**Record extracts:**
********

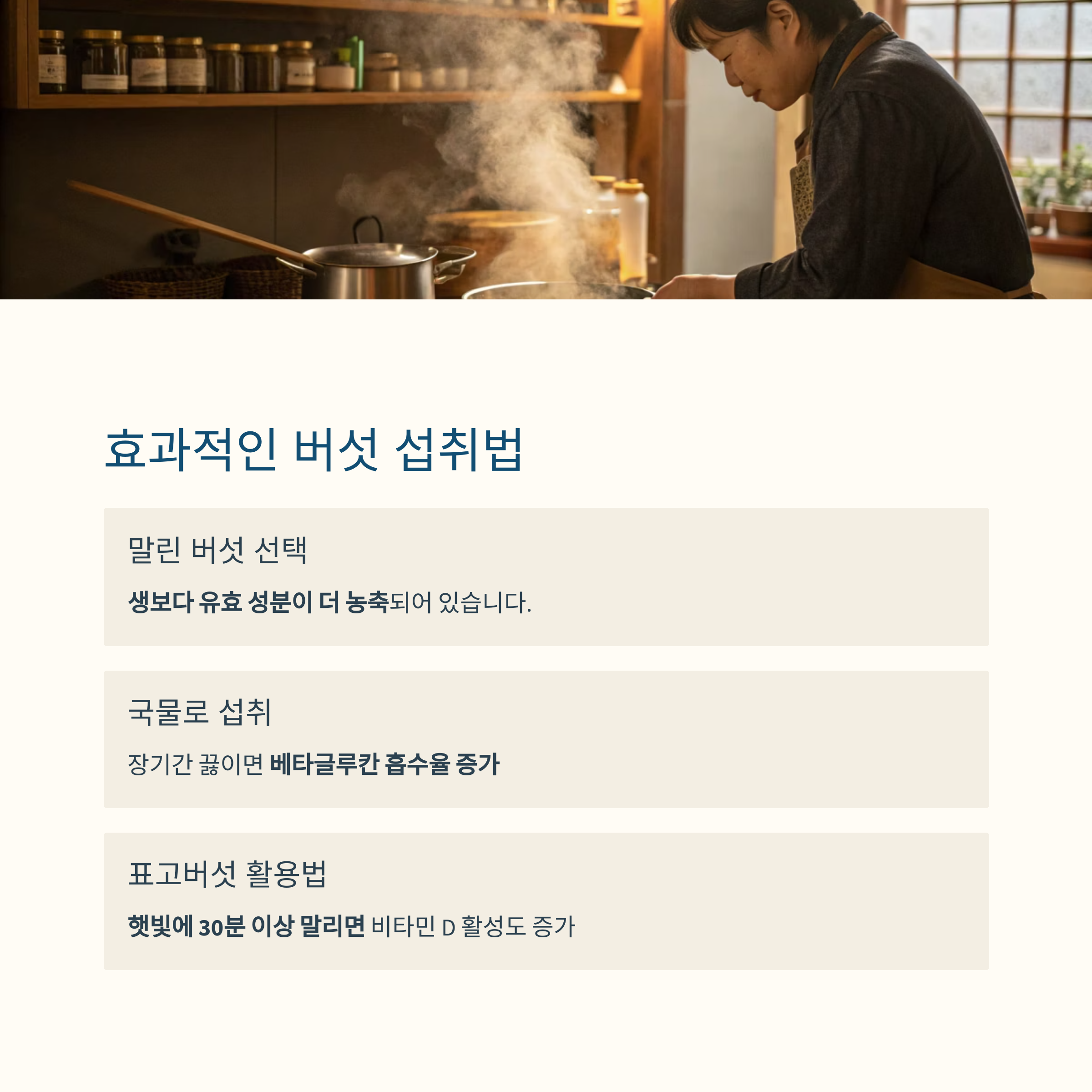 | 표고버섯 | 베타글루칸 함량 높음, 항암 연구 활발 | 말려서 끓이거나 구이 |
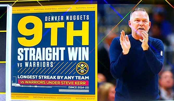 本場(chǎng)過后,勇士面對(duì)掘金已經(jīng)慘遭9連敗。
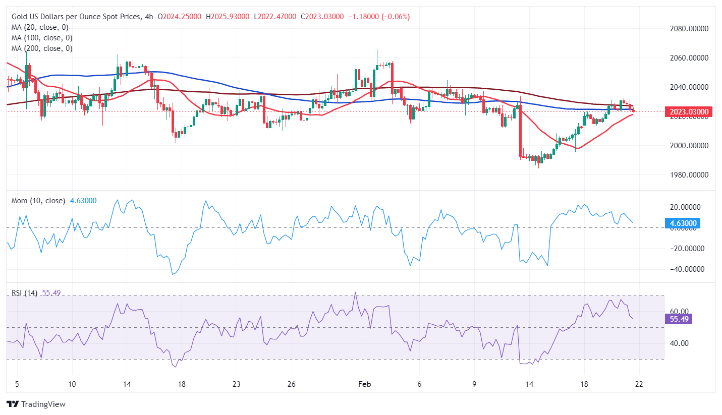 Exterminating the XAU/USD 4-hour chart, technical readings suggest easing optimism. Technical indicators remain within positive levels but offer bearish slopes, reflecting the ongoing selling. At the same time, the pair is breaking below converging and directionless 100 and 200 SMAs, while the 20 SMA keeps heading north below the current level, providing dynamic support at around $2,020.94.
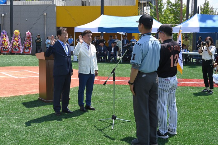 전년도 우승팀인 클리퍼스 야구단의 우승기 반환, 선수대표 선서, 김천시야구소프트볼협회의 복지 성금 200만 원 전달식과 개장을 기념하는 테이프 커팅과 내빈들의 시구가 이어졌다. 행사 후에는 주요 내빈들이 경기를 관람하며, 복합운동장으로 이동해 시설을 견학했다.
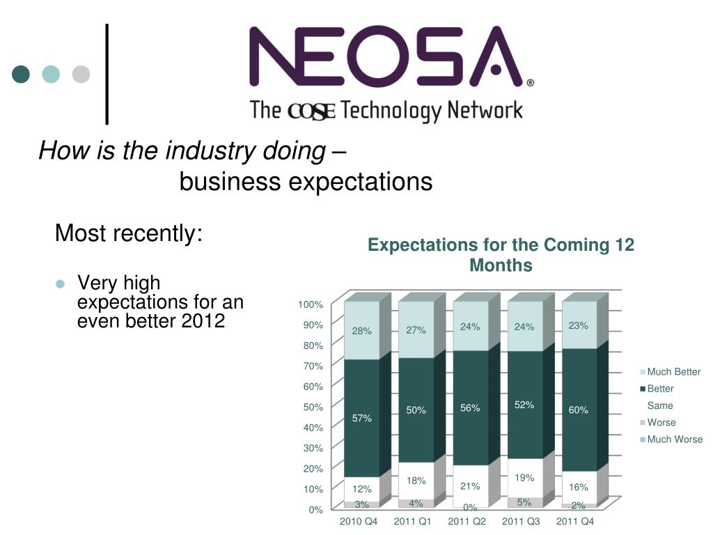 Most recently: • Very high expectations for an even better 2012 How is the industry doing – business expectations
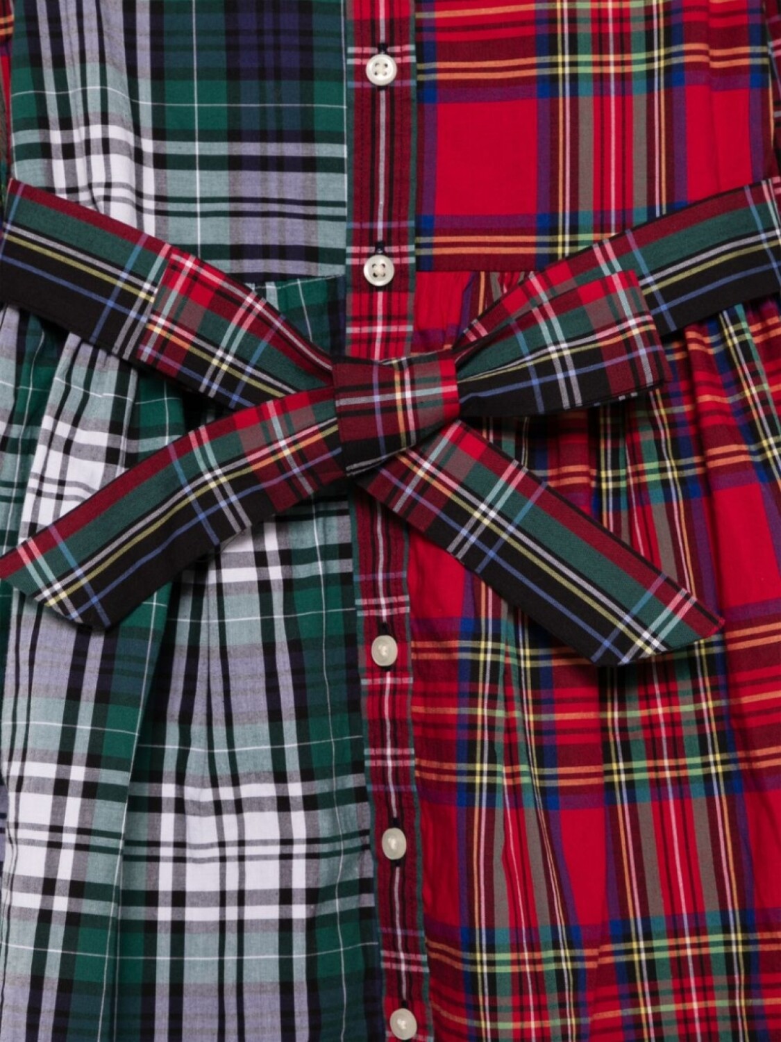 Красная застежка на пуговицы спереди, пояс на талии, два боковых кармана, узор в клетку
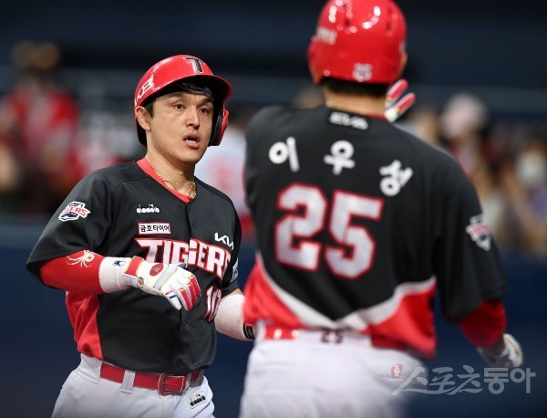 30일 서울 고척스카이돔에서 ‘2022 신한은행 MY CAR KBO리그’ KIA 타이거즈와 키움 히어로즈 경기가 열렸다. 6회말 1사 1루 KIA 박동원이 우월 투런 홈런을 날리고 그라운드를 돌아 홈인해 하이파이브 하고 있다.
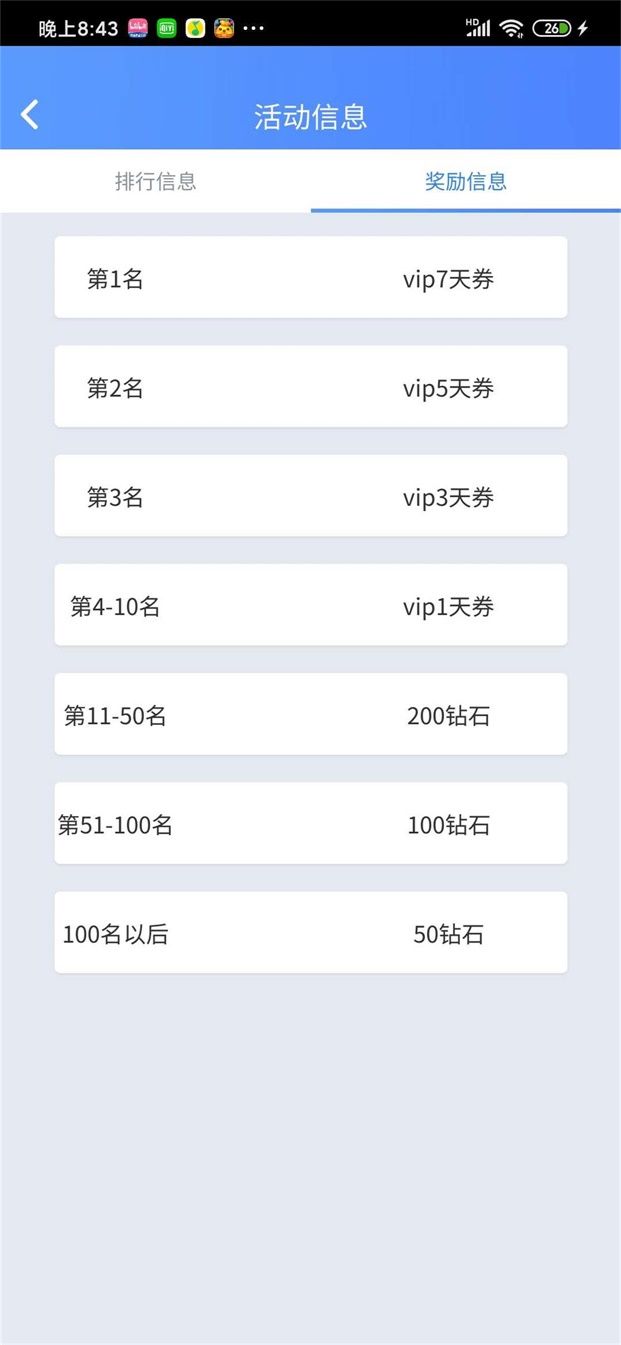 6)活动持续一段时间,系统根据用户的战绩排名派发对应排名奖励
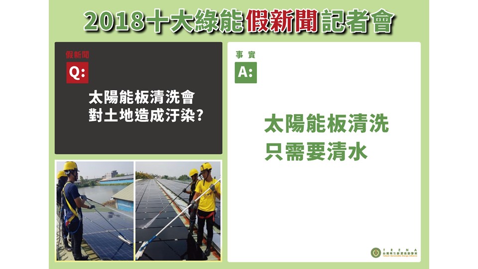 映發科技股份有限公司總經理李喆龍表示,太陽能板的確在晶圓製程時雖會有污染的問題,但如同一般半導體應用在手機、3C產品上,一旦製成成品就不會對人體及環境造成影響。而且太陽能板的製程,連3C產品製造步驟的一半都不到,為什麼會被當作有毒的?如果3C被歸類為可回收,為什麼太陽能板卻被汙名化成不可回收的?所以需要的是監督工廠的廢水處理。台灣的太陽能板一向都輸出到歐美對產品檢驗標準甚高的國家,也都符合德國TUEV、歐盟REACH與RoHS的標準。 l 假新聞:太陽能板清洗會對土地造成汙染?
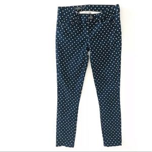 J Crew Womens Size 25 Blue Polka Dot Toothpick Jeans Cotton Low Rise Pants
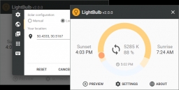 Its primary objective is to match the color of the screen to the light sources of your surrounding environment - typically, sunlight during the day and artificial light during the night. LightBulb has minimal impact on performance and offers many customization options.
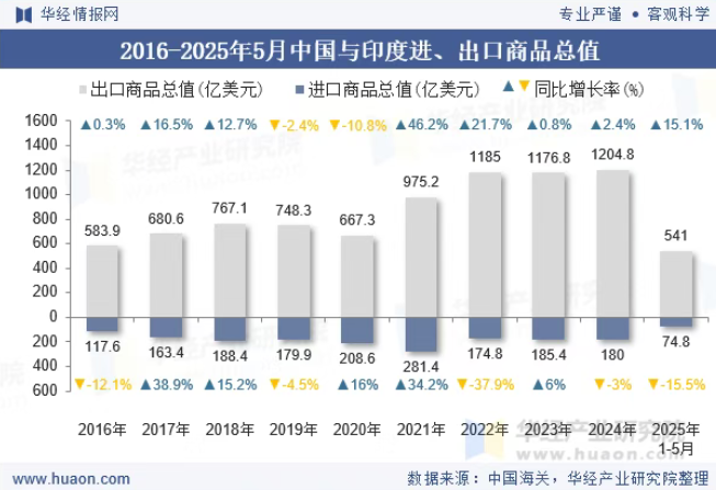 China's exports to India have also continued to grow steadily. In 2024, trade between China and India reached $138.48 billion, with exports to India amounting to $120.481 billion, a year-on-year increase of 2.4%. India has quietly become the fifth-largest destination for China's exports (following the United States, Vietnam, Japan, and South Korea), far surpassing traditional trade partners such as Russia, Germany, and Italy. Particularly from January to May 2025, trade between China and India reached $61.58 billion, a year-on-year increase of 10.3%, with exports growing by 15.1% to $54.1 billion, indicating a further acceleration in growth momentum.
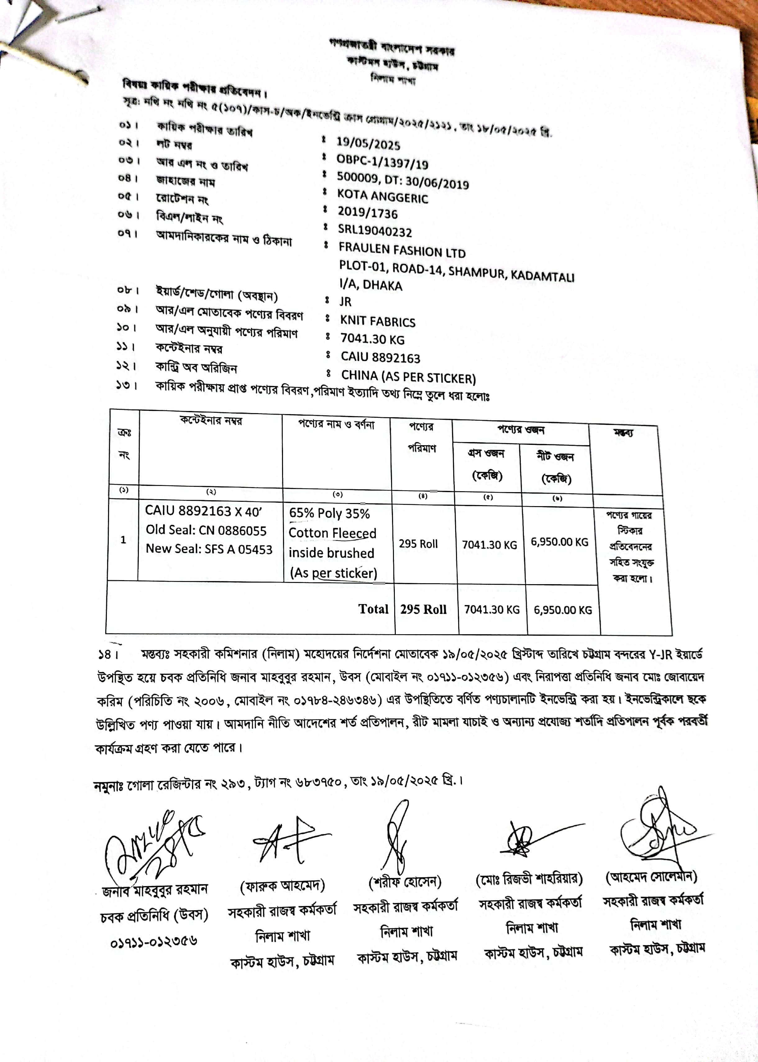 | কন্টেনার/জি আর নং |
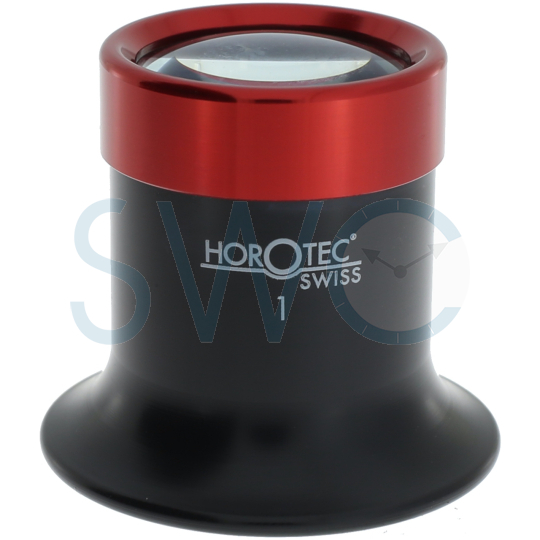 MSA00.032-1 EYEGLASS IN BLACK PLASTIC HOROTEC WITH SCREWED ALUMINIUM RING, No. 1 = 10.0x / LENS - 25 mm

********

**Goal of the exercise:**
What is needed is every line of the data above, set down exactly but with the images left out.

**Task solution:**
 | 표고버섯 | 베타글루칸 함량 높음, 항암 연구 활발 | 말려서 끓이거나 구이 |
 本場(chǎng)過后,勇士面對(duì)掘金已經(jīng)慘遭9連敗。
 Exterminating the XAU/USD 4-hour chart, technical readings suggest easing optimism. Technical indicators remain within positive levels but offer bearish slopes, reflecting the ongoing selling. At the same time, the pair is breaking below converging and directionless 100 and 200 SMAs, while the 20 SMA keeps heading north below the current level, providing dynamic support at around $2,020.94.
 전년도 우승팀인 클리퍼스 야구단의 우승기 반환, 선수대표 선서, 김천시야구소프트볼협회의 복지 성금 200만 원 전달식과 개장을 기념하는 테이프 커팅과 내빈들의 시구가 이어졌다. 행사 후에는 주요 내빈들이 경기를 관람하며, 복합운동장으로 이동해 시설을 견학했다.
 Most recently: • Very high expectations for an even better 2012 How is the industry doing – business expectations
 Красная застежка на пуговицы спереди, пояс на талии, два боковых кармана, узор в клетку
 30일 서울 고척스카이돔에서 ‘2022 신한은행 MY CAR KBO리그’ KIA 타이거즈와 키움 히어로즈 경기가 열렸다. 6회말 1사 1루 KIA 박동원이 우월 투런 홈런을 날리고 그라운드를 돌아 홈인해 하이파이브 하고 있다.
 6)活动持续一段时间,系统根据用户的战绩排名派发对应排名奖励
 映發科技股份有限公司總經理李喆龍表示,太陽能板的確在晶圓製程時雖會有污染的問題,但如同一般半導體應用在手機、3C產品上,一旦製成成品就不會對人體及環境造成影響。而且太陽能板的製程,連3C產品製造步驟的一半都不到,為什麼會被當作有毒的?如果3C被歸類為可回收,為什麼太陽能板卻被汙名化成不可回收的?所以需要的是監督工廠的廢水處理。台灣的太陽能板一向都輸出到歐美對產品檢驗標準甚高的國家,也都符合德國TUEV、歐盟REACH與RoHS的標準。 l 假新聞:太陽能板清洗會對土地造成汙染?
 J Crew Womens Size 25 Blue Polka Dot Toothpick Jeans Cotton Low Rise Pants
 Its primary objective is to match the color of the screen to the light sources of your surrounding environment - typically, sunlight during the day and artificial light during the night. LightBulb has minimal impact on performance and offers many customization options.
 China's exports to India have also continued to grow steadily. In 2024, trade between China and India reached $138.48 billion, with exports to India amounting to $120.481 billion, a year-on-year increase of 2.4%. India has quietly become the fifth-largest destination for China's exports (following the United States, Vietnam, Japan, and South Korea), far surpassing traditional trade partners such as Russia, Germany, and Italy. Particularly from January to May 2025, trade between China and India reached $61.58 billion, a year-on-year increase of 10.3%, with exports growing by 15.1% to $54.1 billion, indicating a further acceleration in growth momentum.
 | কন্টেনার/জি আর নং |
 MSA00.032-1 EYEGLASS IN BLACK PLASTIC HOROTEC WITH SCREWED ALUMINIUM RING, No. 1 = 10.0x / LENS - 25 mm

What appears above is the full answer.